- 504 Okunma
- 0 Yorum
- 0 Beğeni
Cypraqual: Kolye 7.Bölüm
1
Tanrılar…
Hiyerarşi bakımından en yüksek tanrı, ondan daha aşağı seviyede dört tanrı ve bunlardan güç bakımından daha düşük olanlar…
En yüksek tanrı bir boyut yarattı ve ona da ‘Ölümlülerin Boyutu’ ismini verdi.Sorumlu olarak daha aşağıdaki seviyedeki diğer dört tanrıyı görevlendirdi.Onlar, en yüce tanrının penceresinden bakılınca ölümlülerin bakıcıları ve kendilerinin penceresinden bakılınca onların patronlarıydı.

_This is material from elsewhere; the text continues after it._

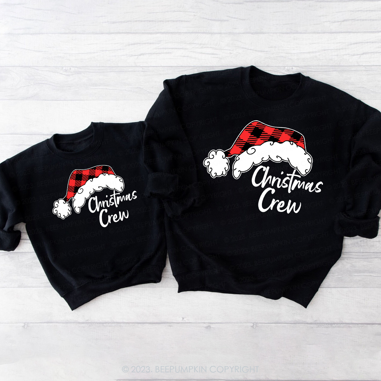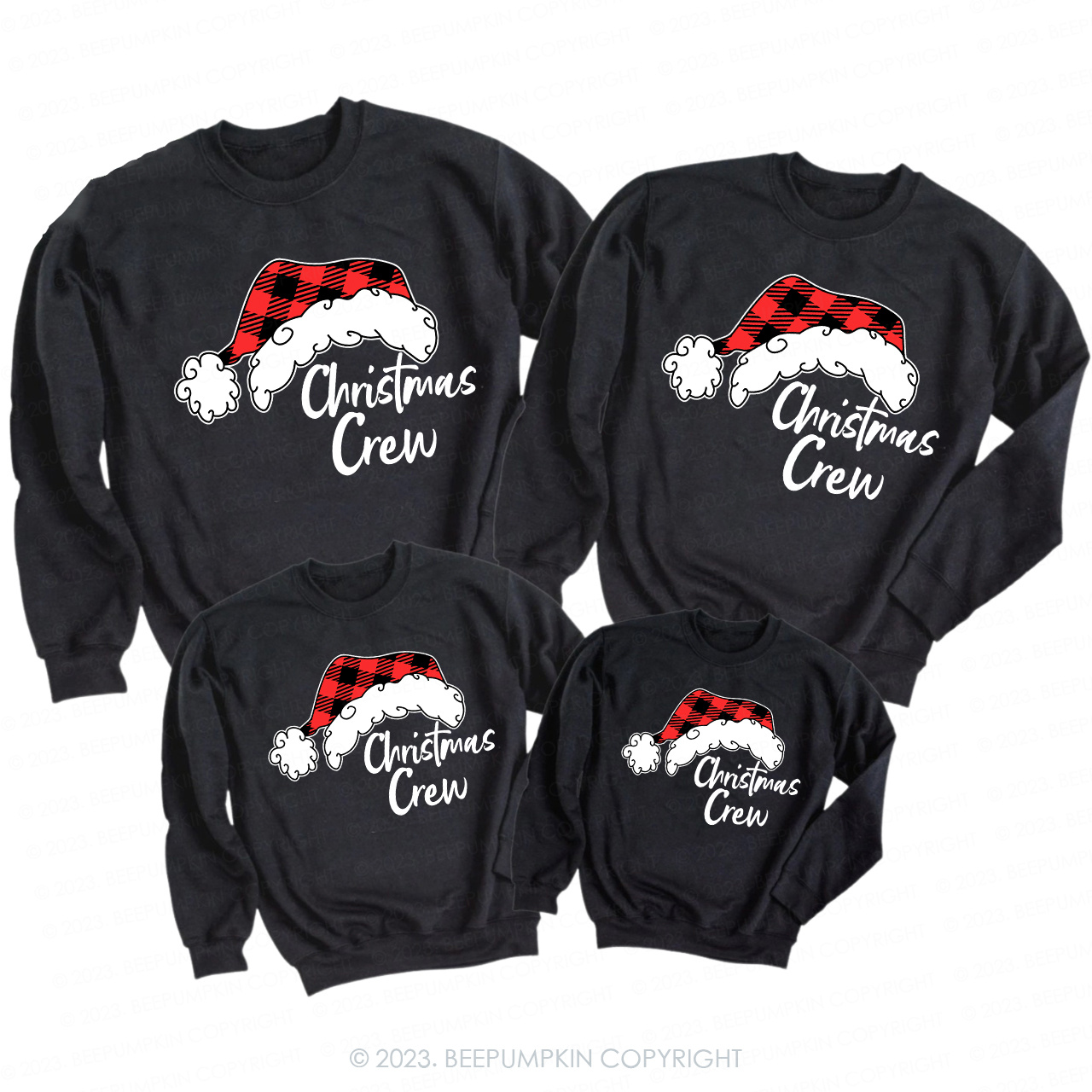 Christmas Crew Red Plaid Santa Hat Family Sweatshirts

Yüce Tanrı, aynı boyut içerisinde iç içe geçmiş dört boyut oluşturdu.Her biri ayrı bir boyutta yaşayan bu ölümlüler: İnsanlar, elfler,cüceler ve kötücül yaratımlardan oluşacak ve onlara ayrı ayrı dört tanrı hükmedecekti.

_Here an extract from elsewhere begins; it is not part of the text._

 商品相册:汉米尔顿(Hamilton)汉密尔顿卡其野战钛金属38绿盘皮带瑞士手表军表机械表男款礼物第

Tanrısal boyuta ait bir materyal insanların dünyasına belli tanrıların yardımları sayesinde Kötülük Tanrısı Asdachen’ in bir planı doğrultusunda atıldı.Bu nesne ölümlülerin dünyasında yaprak şeklinde olup iç içe geçmiş dört boyut arasındaki kapıyı açan maymuncuk ya da anahtar gibiydi.Aralarında Asdachen’ inde bulunduğu dört tanrının onların üstündeki yüce olanın emriyle oluşturulan antlaşma yüzünden dördü boyutlar arasında gidemiyor ve güçlerini de kullanamıyordu. Yani her biri kendi kısmından sorumluydu ve diğerlerine karışamazdı.Ancak Asdachen kendi tarafıyla yetinmek istemiyor ve diğerlerine de hükmetmek arzusundaydı ki bunu gerçekleştirmek adına gizli bir plan yaparak boyutlar arasında gidebilmek için bu ilahi nesnenin insanların boyutuna gönderilmesini sağladı.

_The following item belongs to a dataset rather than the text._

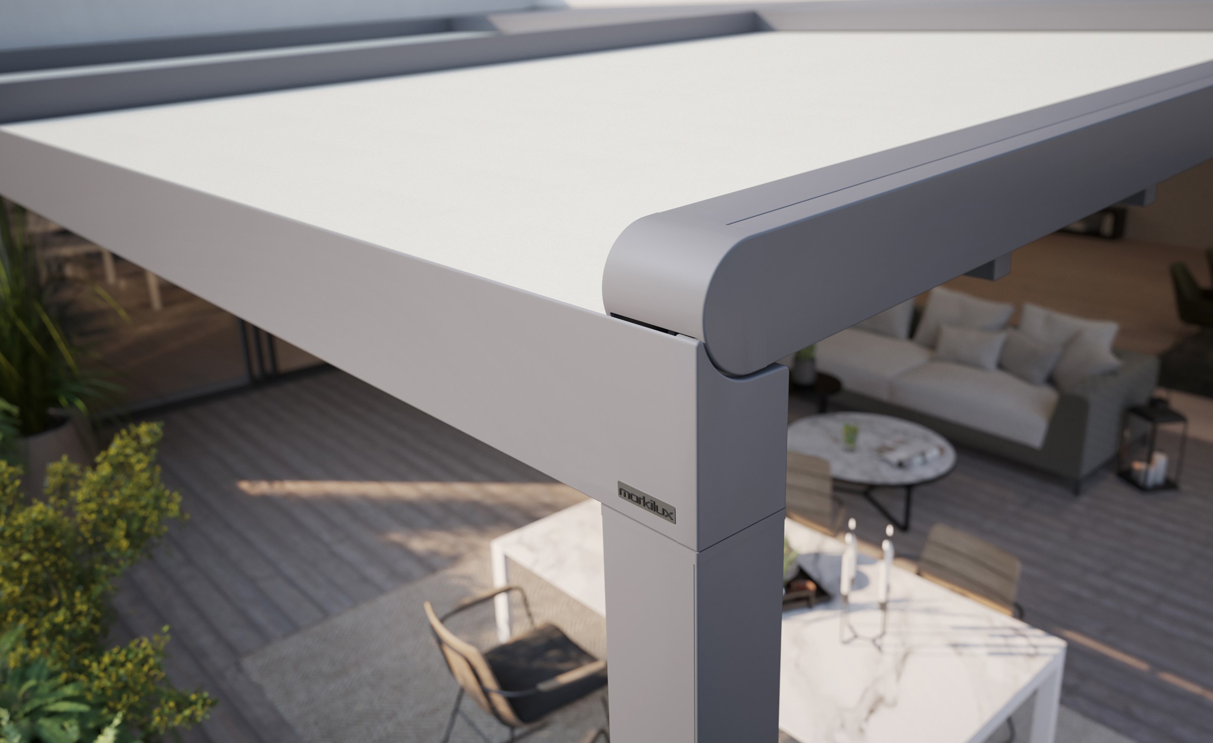 De Pergola Stretch is een minimalistisch en hoogwaardig PVC-Vouwdak. Door de ruimtebesparende vouwtechniek kunnen grote oppervlakte voorzien worden van schaduw, maar kun je nog steeds genieten van een optimaal lichtinval.

Tanrıların bulunduğu yerde geçen süre onların güç sayılarının birbirlerini dengelemesi ile oluşan evrelerden meydana geliyordu.Ölümlüler buna ‘zaman’ diyordu.Burda zaman kavramı farklıydı: İki tanrı birbirleriyle mücadele ederken geçen sürenin değişimi,ilerlemesi ya da gerilemesi güç katsayısı büyük olana bağlıydı.O, kendisinden daha düşük olanın ne tür bir harekette bulunabileceğini kendi gücünün büyüklüğüne bağlı olarak ‘zaman’ ı ileri alabilerek çoğunlukla seziyordu.Bu durum ona büyük oranda üstünlük sağlayabiliyordu ancak Güç kat sayısı küçük olan rakibi, diğer tanrıların yardımıyla gücünü yükseltip onu geçebilecek seviyeye erişip avantajını ortadan kaldırabilirdi.Diğer yandan ona yardım edenler güçlü olanın gazabını göze almak zorundalardı.
Ölümlülerin boyutu, bir su kabarcığının içinde dört tane küçük olanının iç içe geçmesi gibiydi.Eğer bir bir gezgin boyutlar arasında dolanmış olsa: İnsanlarınkindeyken bir şatoda,aynı konumda elflerinkindeyken ormanda,cücelerinkinde yer altı mağaralarında ve diğerinde ise iki ejderha kıyasıya mücadele ediyordu.
…
Metamorfozdan Önce, İnsanların Boyutu
Bir büyücü ve şaman konuşuyordu.
“Bu dört harita ve üstündeki dört yaprak... Şimdi ne yapacağız,” dedi büyücü.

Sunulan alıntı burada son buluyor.